The third level of financial freedom is to start investing in your future. This includes investing in stocks, money market funds, real estate funds, etc. The goal at this level is to build a diversified portfolio of investments that will provide you with passive income.

Also, don’t be tempted to stick your emergency fund into these investments.  This is because investing in something like the stocks needs a longer time horizon than three to six months.  Over the long run, the stock market almost always goes up, but during shorter time periods, it could go down and you don’t want to have to sell when it is down just because you have an unexpected expense like a car repair.

To achieve level 3 of financial freedom, you should first start but putting aside a certain amount of your paycheck every month and first putting it into low cost index funds, like the SP500.  This gives you access to the top 500 companies in the US and means that you don’t have to pick any winners or losers, you get the aggregate of amazing companies like Apple, Microsoft, GE, Boeing, Tesla, etc. without having to worry about whether one of them is going up or down this quarter.

 

Level 4: Freedom From Your Job

level 4 of financial freedom from job

The fourth level of financial freedom is freedom from your job. This is the point where your passive income from investments meets or exceeds your living expenses. The goal at this level is to have enough wealth to live off of your investments, without having to work for a paycheck.  A simple calculation to figure out how much you need for this level is to use the 4% Rule.

For example, if you have saved up and invested $1,000,000 then you just multiply this by 4%:

$1,000,000 x .04 = $40,000

This means that you can spend $40,000 every year or $40,000/12 months = $3,333/month

This rule also works by taking your yearly expenses and then multiplying them by 25x.  So if your yearly expenses are $2,000 a month, then you just need to multiply this by 25 which will give you $500,000.

Also, you might have noticed that the lower your monthly expenses are, the less you need to save for financial freedom.  So start attacking your monthly expenses first and learn to live with less.

 

Financial Freedom Level 5: Wealth Accumulation

5 levels of Financial Freedom

The Fifth Level of Financial Freedom is the continued accumulation of wealth, skill and time accumulation. At this level, you have accumulated a significant amount of wealth and have the financial resources to do what you want in life. The goal at this level is to continue growing your wealth and using it to make a positive impact on the world.
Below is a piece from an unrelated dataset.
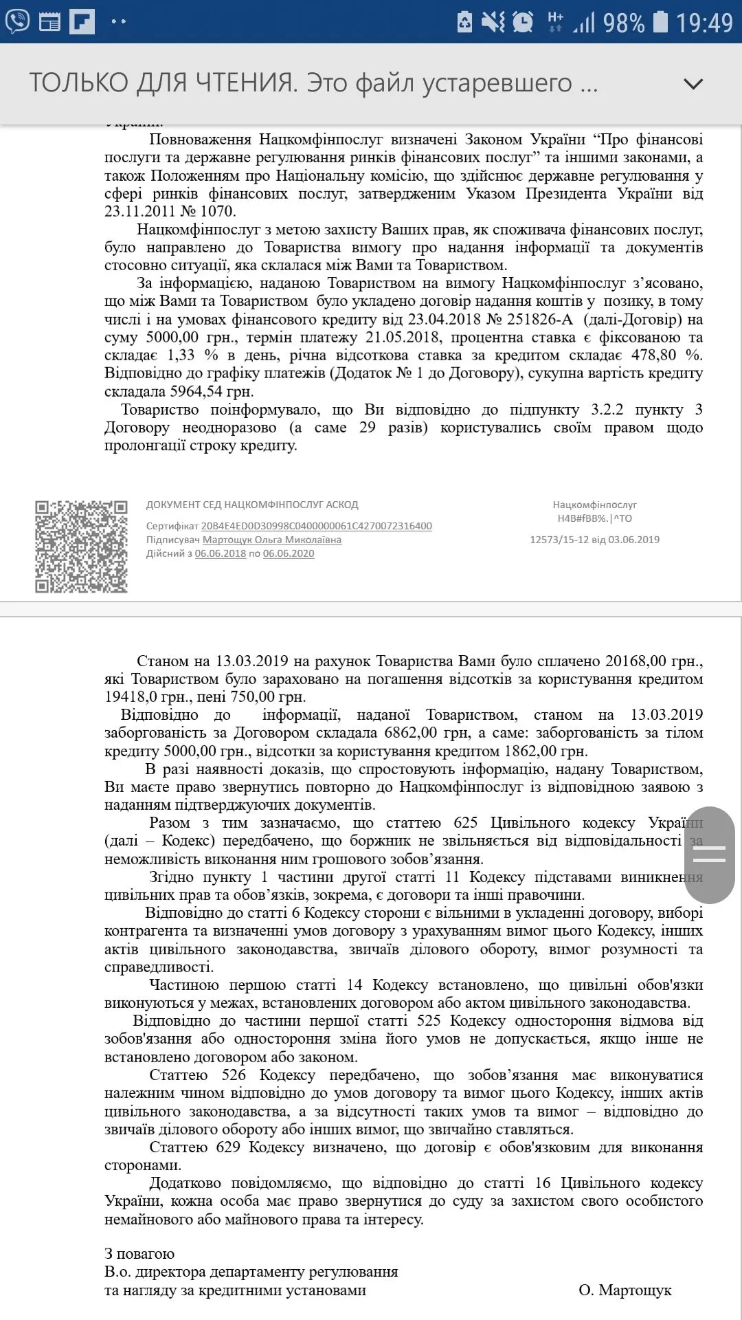 Нет. Я переписывалась в вайбере с их индюком недоразвитым, который нашёл каким то образом дальнюю подругу. После написала в нацком. Два раза не предоставили документы и третье вот такое же письмо пришло, что у них сбой в системе и нужно оплатить только тело и проценты. Больше не звонят, но раньше за два месяца просрочки задолбали всехВы им ответ никакой не давали?

To achieve wealth accumulation, you need to have a long-term investment strategy in place and this can be something as simple as a two fund portfolio, with 40% of your money in cash or bonds and the other 60% in a low cost ETF.

If you reach the stage where you quit your job, you’ll also find that you’ll have a lot more free time on your hands.  This can be a double edged sword, especially if you derived a lot of your identity and feeling of accomplishment from your job.  This is because there will be a big hole where your job used to be.  It is important to fill this with productive activities like learning new skills and hobbies.  It will be extra beneficial to find a skill that also helps you make some extra money so that you can continue to grow your wealth.  This can include things like building websites, teaching guitar lessons, installing solar panels, etc.

Another important area of your life that you will want to consider investing in is in your relationships.  The data on long term happiness is pretty clear and says that happiness is highly correlated with close relationships.  Take your new found freedom and time to reach out to friends and family members that you have lost contact with.  Now that you have monetary wealth, it’s important to have wealth in your personal relationships as well.